There are many books that relate to claim drafting. Rules of Patent Drafting by Joseph Root is different in that it relates to drafting patent specifications, not merely the claims. Its premise is that when a patent is litigated, terms not mentioned in the claims but used in the specification may be read into the claims by the court during claim construction in the so-called Marksman Hearings, so it is important to carefully consider the specification as a whole when drafting applications, and not merely the claims. The book implicitly rejects the idea propagated by do-it-yourself patent guides, that the inventor can write his own application and simply have a patent agent or attorney draft the claims.
Instead of moaning about what the courts do to patent claim interpretation in Marksman hearings, the book suggests internalizing the court’s approach and reconsidering one’s patent drafting, and provides rules for so doing. In particular, the book suggests writing longer and more detailed disclosures, while taking care not to describe optional features as necessary ones, of course.
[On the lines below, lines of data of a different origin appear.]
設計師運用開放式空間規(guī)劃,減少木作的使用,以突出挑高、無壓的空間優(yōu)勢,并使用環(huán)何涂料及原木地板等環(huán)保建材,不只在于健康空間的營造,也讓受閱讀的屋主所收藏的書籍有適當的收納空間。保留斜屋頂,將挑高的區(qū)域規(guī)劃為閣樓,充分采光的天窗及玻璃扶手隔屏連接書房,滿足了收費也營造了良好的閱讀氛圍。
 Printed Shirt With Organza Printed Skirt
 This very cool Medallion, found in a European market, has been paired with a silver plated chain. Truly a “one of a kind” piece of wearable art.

One interesting insight about the claims is that since an independent claim has to be construed as being broader than its dependencies, a purpose served by claiming seemingly trivial elements in dependent claims is not to provide a fall back position, but rather to prevent these elements being construed as essential to the invention.
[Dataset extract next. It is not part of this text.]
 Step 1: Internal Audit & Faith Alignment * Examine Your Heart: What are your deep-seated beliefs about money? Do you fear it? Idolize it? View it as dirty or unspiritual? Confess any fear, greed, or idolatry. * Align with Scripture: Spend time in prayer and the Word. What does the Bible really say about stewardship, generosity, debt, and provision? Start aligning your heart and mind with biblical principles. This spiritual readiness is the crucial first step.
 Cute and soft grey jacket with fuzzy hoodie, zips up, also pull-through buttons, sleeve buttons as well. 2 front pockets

The contents and insights are refreshingly different from the type of thing that seems to be rehashed in books aimed at beginners. Furthermore, the author, Joseph Root, supports his contentions and illustrates his approach with reference to Federal Circuit Court of Appeal decisions.
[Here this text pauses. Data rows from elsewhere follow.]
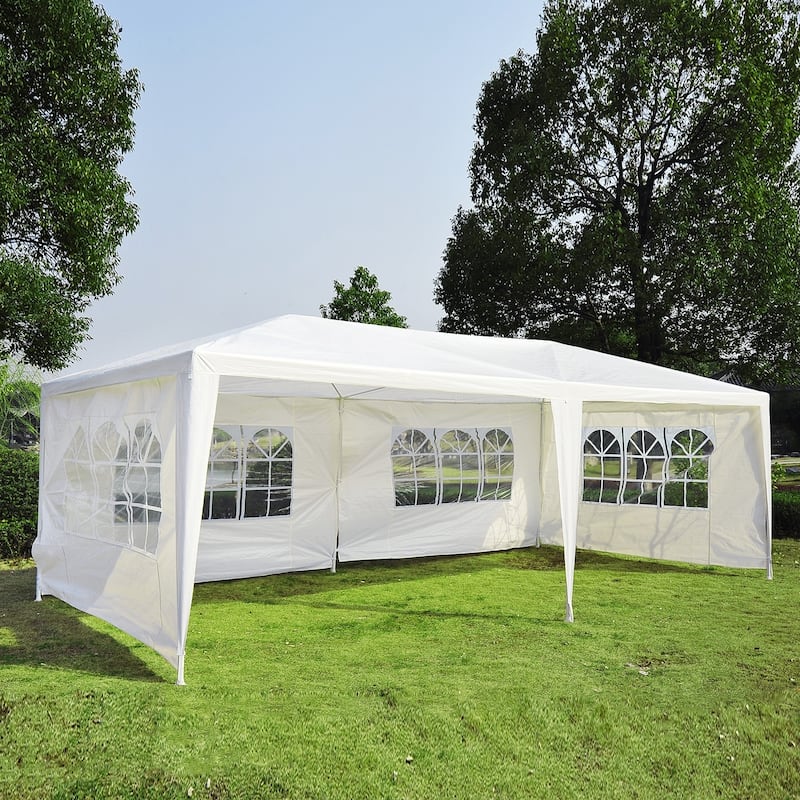 Enjoy the shade and protection of Outsunny's 10' x 20' Gazebo Canopy Tent, perfect for events of up to 30 people. Constructed with a sturdy metal frame and durable, water-resistant polyethylene cover, this tent blocks up to 90% of the sun's UV rays to keep your guests cool and safe. The four removable window side walls attach with hook and loop fasteners for easy assembly and removal. Ropes and stakes included.
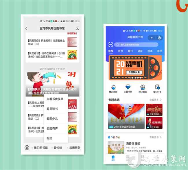 閉館不閉網(wǎng),線上服務不打烊。自12月23日閉館以來,區(qū)圖書館整合各類數(shù)字資源,免費提供豐富的線上服務,滿足不同年齡群體讀者的閱讀需求,更新“超星閱讀”APP,電子書、數(shù)字期刊、講座、繪本、聽書等海量資源為讀者提供高質(zhì)量的閱讀福利。利用“陜西數(shù)字文化網(wǎng)”“鳳翔區(qū)圖書館官方網(wǎng)站”“鳳翔區(qū)圖書館”公眾微信號,線上開設(shè)【鳳圖戰(zhàn)疫】【鳳圖薦讀】【紅色故事繪】【館員姐姐講故事】【館員有聲薦讀】【鳳圖文苑】等閱讀服務專欄,提供疫情防控知識、繪本閱讀、親子故事講讀、線上展覽等,讀者通過關(guān)注“寶雞市鳳翔區(qū)圖書館”公眾號、網(wǎng)站享受24小時線上服務,通過鳳翔區(qū)圖書館總分館群,將這些優(yōu)質(zhì)數(shù)字資源向基層分館輸送,讓廣大讀者暢享“云端閱讀”。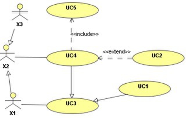 ● 在下面的用例圖(UseCase Diagram)中,X1、X2和X3表示 (39) ,已知UC3是抽象用例,那么X1可通過 (40) 用例與系統(tǒng)進(jìn)行交互。并且,用例 (41) 是UC4的可選部分,用例 (42) 是UC4的必須部分。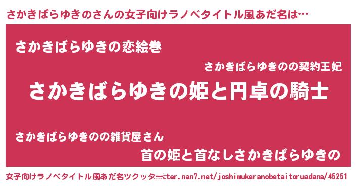 | 胡散臭い通販商品みたいなあだ名 | 『モテモテ間違いなしブレスレット…その名も「さかきばらゆきの」』 |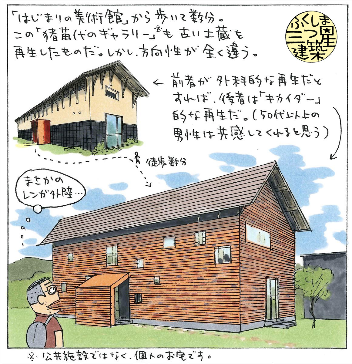 酒造作業蔵として1889年に竣工したこの蔵は、上棟時に磐梯山噴火で被災し、東日本大震災で再び被災した。磐梯山噴火当時、復興のシンボルとして竣工したこの蔵を、再び東日本大震災の復興の兆しとして保存再生させた。全壊した蔵を、伝統曳家によって新設基礎に据え直し、棟書きや家に語り継がれている当時から現在までの口伝の記憶(オーラルヒストリー)を意匠として丁寧に置き換えた。建物はギャラリー、会議、催し等で使用され、整備される町公園と繋がる予定である。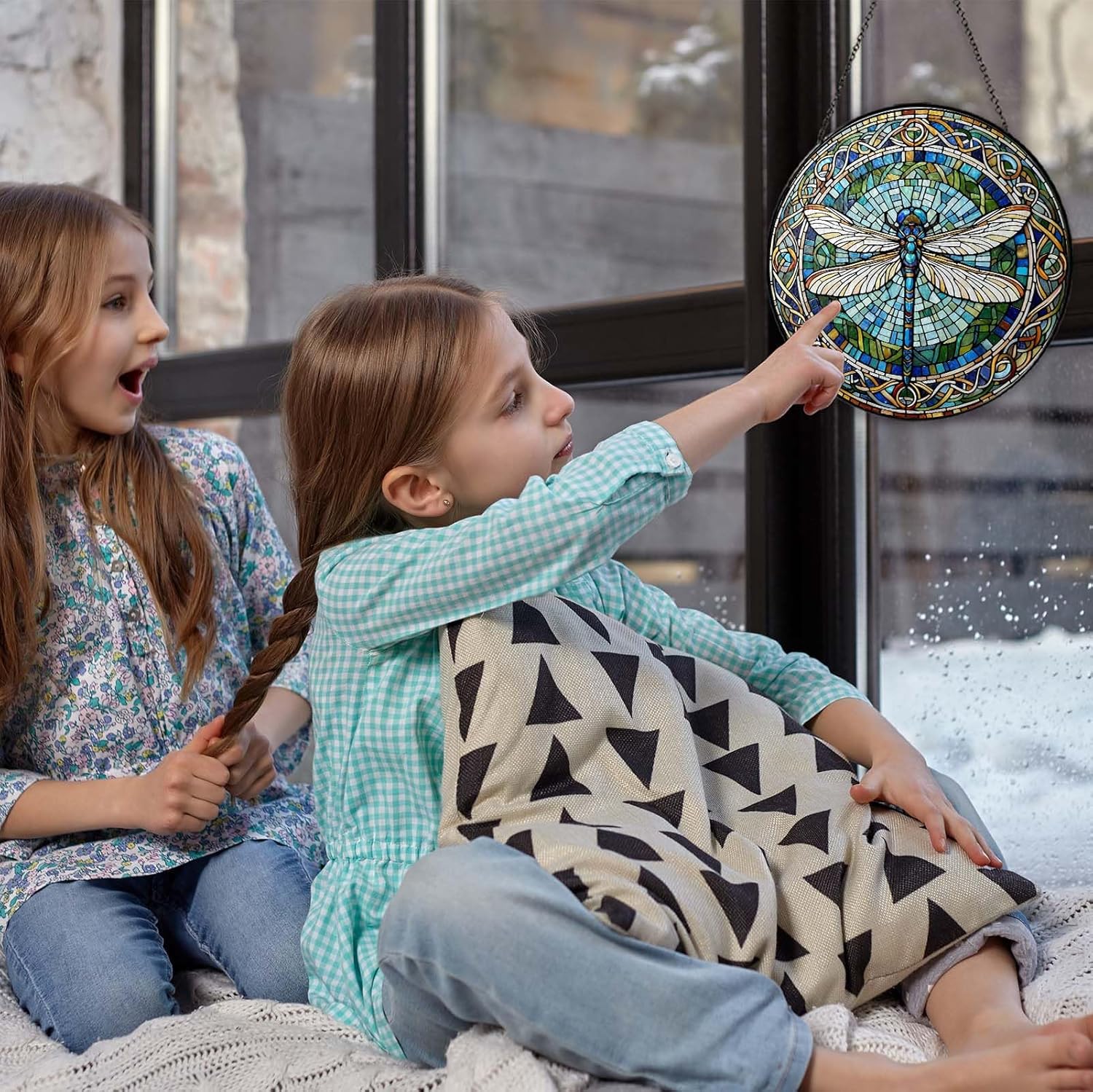 • 【Stained Glass Window Hanging】The colored glass sun catcher can effectively capture sunlight with its excellent light transmittance, and transform the light into colorful light and shadow effects indoors.Sun catchers indoor window can not only add sunshine color to the family, but also can be used as a glass decoration to make your home more beautiful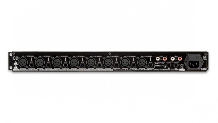 Connections: XLR female balanced (Mic, channels 1-8), 1/4-inch TS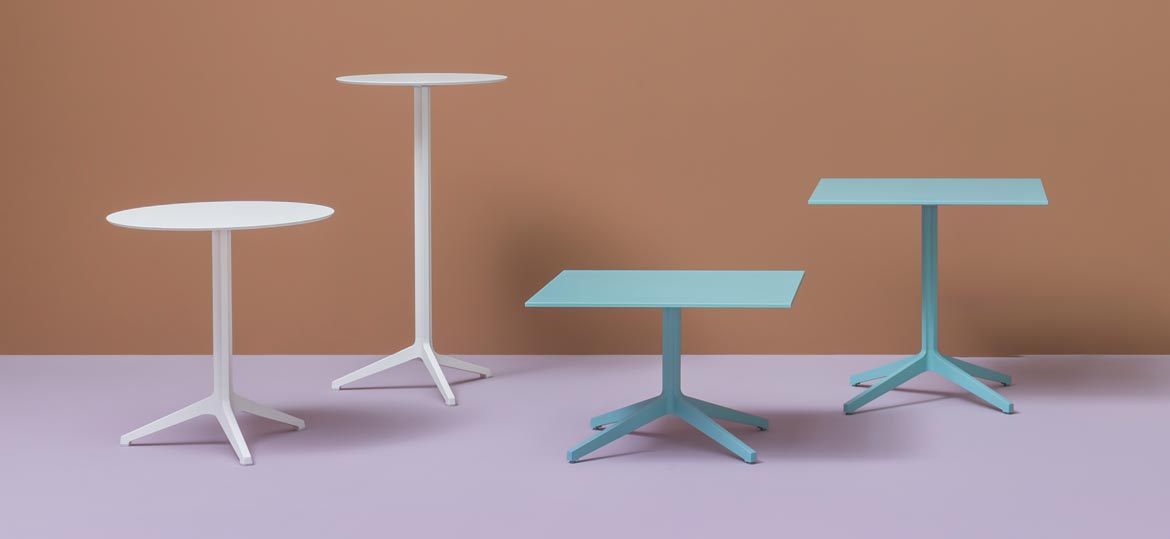 Коллекция Ypsilon включает в себя столы с круглой или квадратной столешницей различных размеров. Основание изготавливается из окрашенного, полированного или анодированного алюминия. Оно комбинируется со столешницами из стекла, пластика или стали. Детали уточняйте у менеджеров или в PDF инструкции.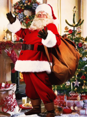 Santa Claus arrives, standing by a festive Christmas tree with a sack of gifts and a 'Merry Christmas' bag.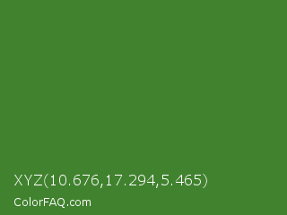 XYZ 10.676,17.294,5.465 Color is a normal green color and the nearest color is Sap Green #507d2a. Hex code #41822f and RGB value is rgb(65,130,47). In RGB color space, this color is composed of 25% red, 51% green, 18% blue, In CMYK color space, this color is composed of 50% cyan, 0% magenta, 64% yellow , 49% black , In HSL color space, this color has a hue angle of 107° , 47% saturation and 35% lightness.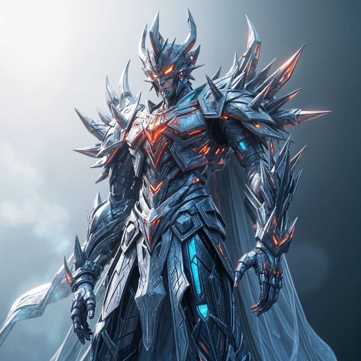 This image depicts a towering space god warrior with a gleaming metallic exoskeleton, intricate circuitry patterns, and razor-sharp spikes, clad in a flowing cape with an ethereal glow, rendered in stunning 3D anime art style with vibrant colors and ultrafine details.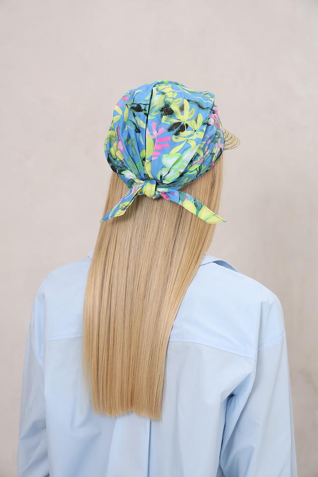 Яркий цветочный принт платка добавляет образу женственности и легкости. Кепка идеально подходит для повседневной носки, прогулок по городу или отдыха на природе. Состав: 100% хлопок.

Unlike most books on claim drafting that seem to focus on mechanical or electronic systems, the author relates to both the predictable and the unpredictable arts, and instead of simply saying that they are no longer popular, doesn’t shy from tackling means claiming in a thorough manner.
What is particularly refreshing though, is the style. The author emphasizes his points with similes and metaphors taken from an impressive range of books, films, and TV series. Despite thoroughly addressing weighty subject matter, the book is not a heavy read.